The month-over-month decrease in building permits was driven entirely by multi-family units. Single-family permits were flat while multi-family permits declined 16.1% after increasing 12.9% in August.
The key takeaway from the starts/permit reports was that the weakness in both starts and permits was concentrated in the South region, which suffered the biggest hit from the hurricanes, so one could reasonably assume that the October report will show better results.
U.S. Existing Home Sales increased 0.7% month-over-month in September to a seasonally adjusted annual rate of 5.39M units – I had forecast 5.29M.
The September sales pace is 1.5% below a year ago and the second slowest seen over the past year (behind August).

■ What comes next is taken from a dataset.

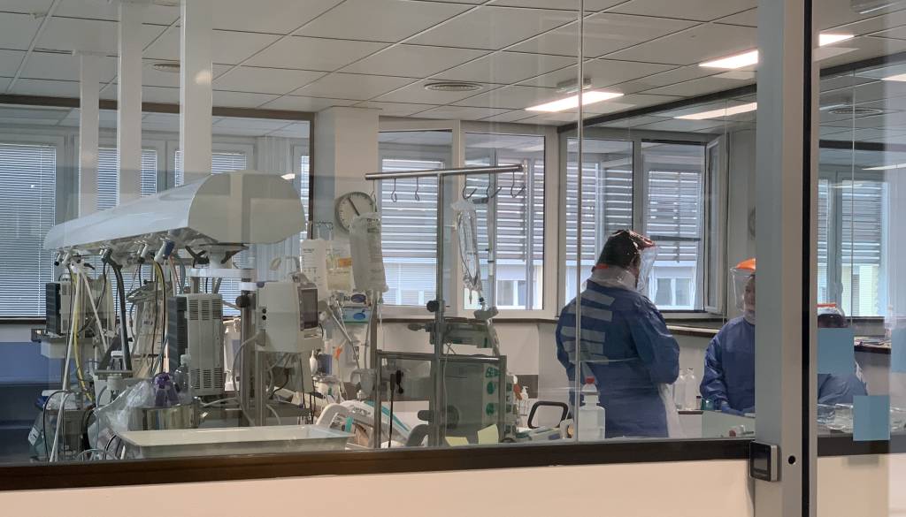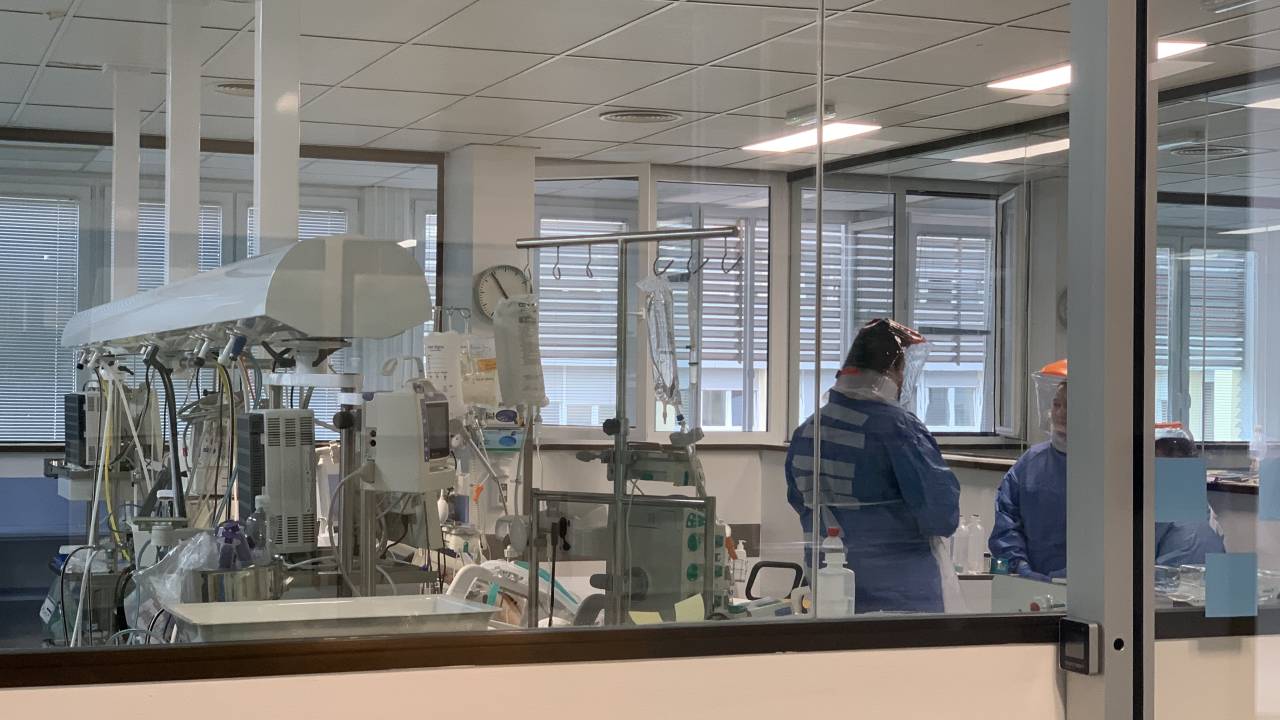 Hugon Možina, vodja internistične prve pomoči na Univerzitetnem kliničnem centru Ljubljana, je povedal, »da je trenutno v Univerzitetnem kliničnem centru Ljubljana hospitaliziranih kar 327 bolnikov s covidom-19, kar 56 od teh jih je na intenzivni negi, 49 bolnikov je intubiranih oziroma na mehaničnem predihavanju.«

The median existing home price for all housing types increased 4.2% to $245,100, which was the 67th straight month of year-over-year gains. The median existing single-family home price was $246,800, up 4.2% from a year ago.
The inventory of homes for sale at the end of September (1.90 million) is 6.4% lower than the same period a year ago and has fallen year-over-year for 28 consecutive months.
Unsold inventory is at a 4.2-month supply at the current sales pace, versus 4.5 months a year ago and the 6.0-month supply typically associated with a more balanced market.
The takeaway from the report is that notable supply constraints remain, which will continue to act as a drag on overall sales due to the limited inventory and the high prices on available inventory that is crimping affordability
What to Watch for This Week
U.S. New Home Sales were running at an annual rate of 560,000 units in August and the September number is likely to show a small pullback to 555,000.
The NAR Pending Home Sales Index for September is likely to turn around from the 2.6% decline seen the prior month. Look for it to have risen by 0.8%.
The first reading for GDP in Q-3 should show that the US grew by 2.4% – down from 3.1% in Q-2.
The final Consumer Sentiment number for October should drop from 101.1 to 101.0.